Abstract

Abstract Nesidioblastosis is a very rare adult disorder in the absence of gastrointestinal surgery. Nesidioblastosis is a disorder of the endocrine pancreas causing hyperinsulinemic hypoglycemia. We describe a case of 83 year-old Caucasian male, with a 3-year history of severe refractory hypoglycemia with glucose level below 2.1 mmol/L. Confusion and sleepiness were reported as his neuroglycopenic symptoms. According to his family, his symptoms improved within 30 minutes of drinking orange juice. Hypoglycemia episodes mostly occurred while fasting and post exercise (after playing golf). His work up included low venous plasma glucose levels, high insulin and C-peptide levels that were consistent with an insulinoma. His history is remarkable for chronic kidney disease stage 3, penicillin allergy and atrial fibrillation with loop recorder for cardiac rhythm monitoring, which precluded him from undergoing CT with IV contrast or MRI studies.
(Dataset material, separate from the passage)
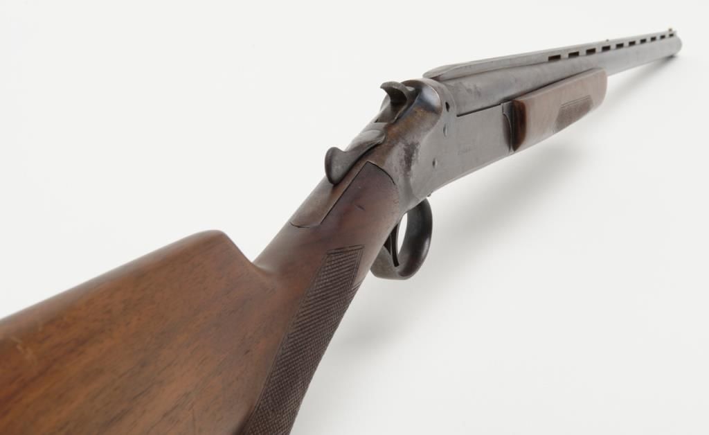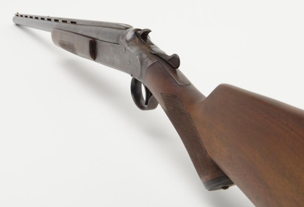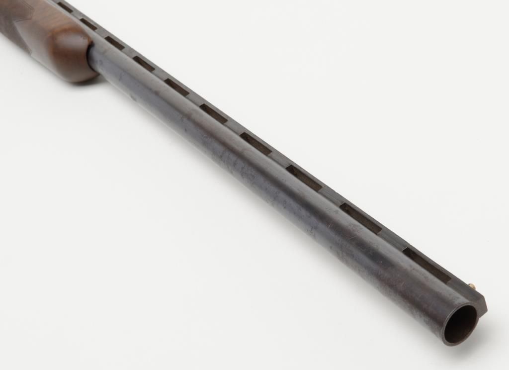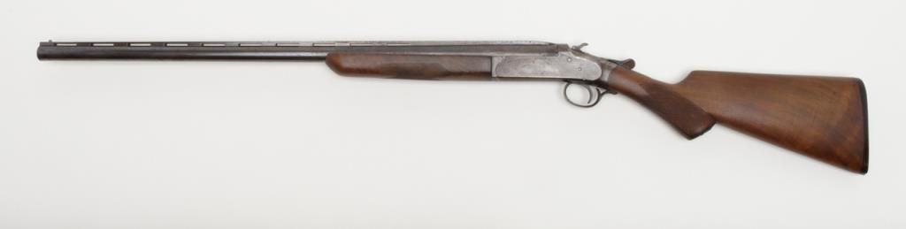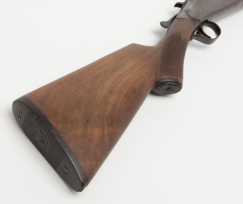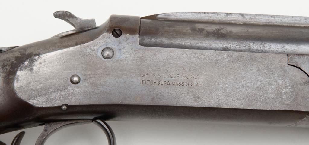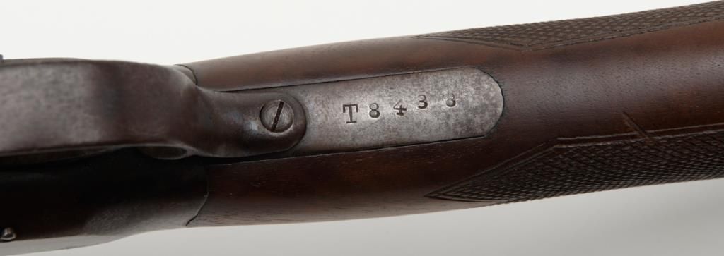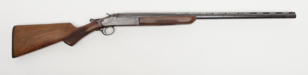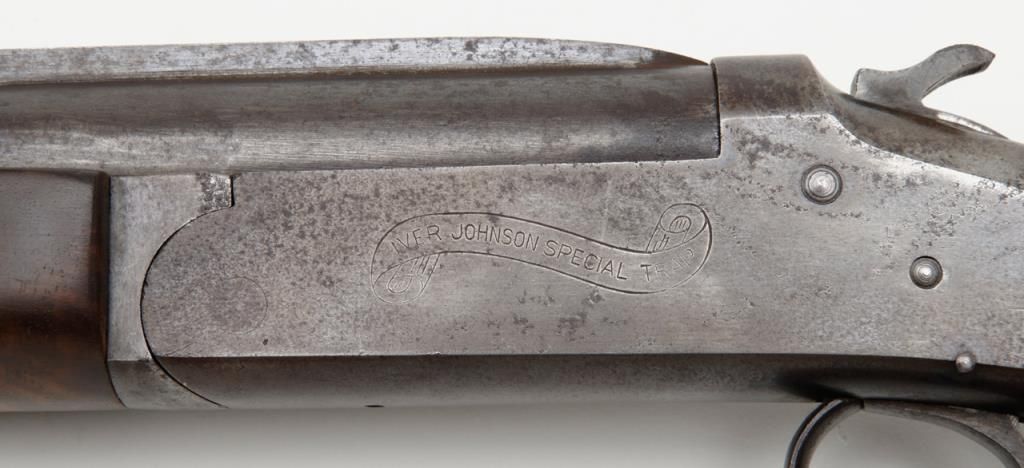 Rare factory original Iver-Johnson Special top break single shot shotgun, 12 gauge, 28” VENTILATED rib barrel, blue finish, checkered wood stocks, #T8438 in overall very good condition showing considerable scattered original blue onbarrel with brown patina and spots of erosion, brown patina on receiver with some erosion and original blue in protected areas; very good + bore, crisp action, good markings and very good wood stocks showing correct owl’s head hard rubber butt plate. (C&R). Est.: $250-$500

Abdominal computed tomography with oral contrast did not reveal any lesion. In an attempt to localize the suspected Insulinoma, he had celiac angiogram and portal vein sampling, which were inconclusive. He had a PET scan with dotatate that showed increased amount activity in the uncinate process of the pancreas. He was diagnosed with insulinoma and placed on monthly lanreotide injections, however continued to have severe hypoglycemia episodes. Due to persistent refractory hypoglycemia, patient underwent distal pancreatectomy and splenectomy and the histological findings were consistent with nesidioblastosis. Patient developed hyperglycemia in the post-operative course which was controlled with a carb consistent diet. This case demonstrates that differentiation between insulinoma and nesidioblastosis is very challenging, and in most cases, the diagnosis is made post operatively based on histologic findings.